In part 1, we covered changes to taxable income brackets and tax rates for individuals and married filing jointly. In part 2, we will cover deductions and other updates.
Changes to Standard Deduction Amounts
A standard deduction is the dollar amount that reduces the amount of income on which you are taxed and varies according to your filing status. At the beginning of 2018, the new tax plan brought higher standard deductions with the intention of helping families keep more of what they earn.
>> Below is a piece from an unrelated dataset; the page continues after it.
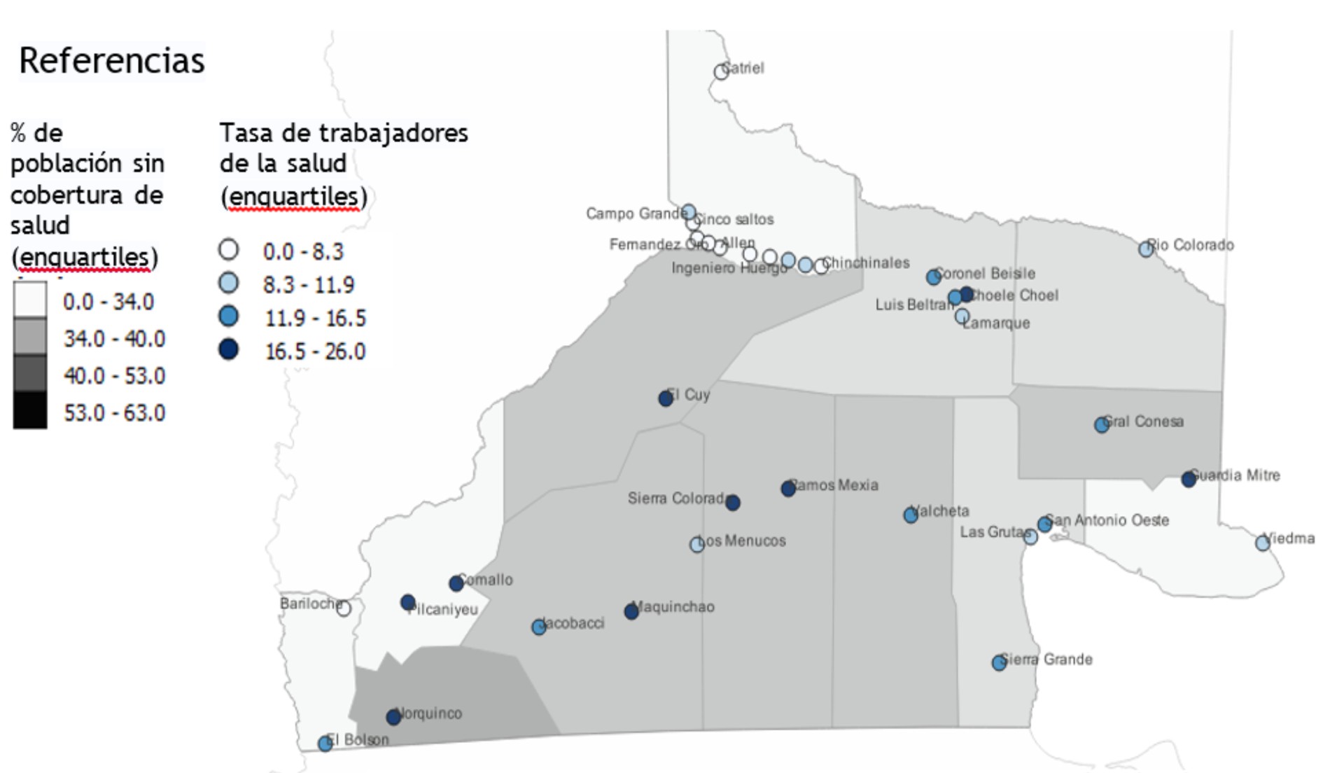 En este marco, la distribución de recursos humanos y también la cantidad de establecimientos de salud en cada una de las localidades de la provincia resulta muy dispar. Se puede observar en el mapa que las tasas más elevadas de profesionales por habitantes se encuentran ubicadas en la zona central de la provincia, reconocida como la zona de estepa, la línea sur, donde vive menos del 20% de la población de la provincia, pero donde más del 40% de esta población no tiene obra social ni prepaga. En cambio, en dos de los tres departamentos con menor porcentaje de población sin cobertura (al oeste y norte provincial) se observan los menores valores de trabajadores/as del sistema público de salud, salvo en el departamento donde se encuentra ubicada la capital provincial (al este de la provincia) donde existen de los menores valores de población sin cobertura, pero valores intermedios de trabajadores de la salud (Mapa 1).

Higher standard deductions often benefit middle-income families who see their income subject to lower tax rates.
This coming tax year, new standard deduction amounts will increase to: $12,200 for individuals, $18,350 for heads of household, and $24,400 for married couples filing jointly and surviving spouses.
There are also a few specific standard deduction changes you need to know for 2019:
- Additional standard deduction amount for the aged or the blind: $1,300 (increases to $1,650 for unmarried taxpayers).
- The standard deduction for an individual claimed as a dependent by another taxpayer cannot exceed $1,100 OR the sum of $350+ the individual’s earned income, whichever is greater.
- There will be no personal exemption amount for 2019 per the Tax Cuts and Jobs Act.
- Alternative minimum tax (AMT) exemption amounts will be adjusted for inflation. The AMT exemption is a mandatory alternative to the standard income tax for taxpayers who make more than the exemption.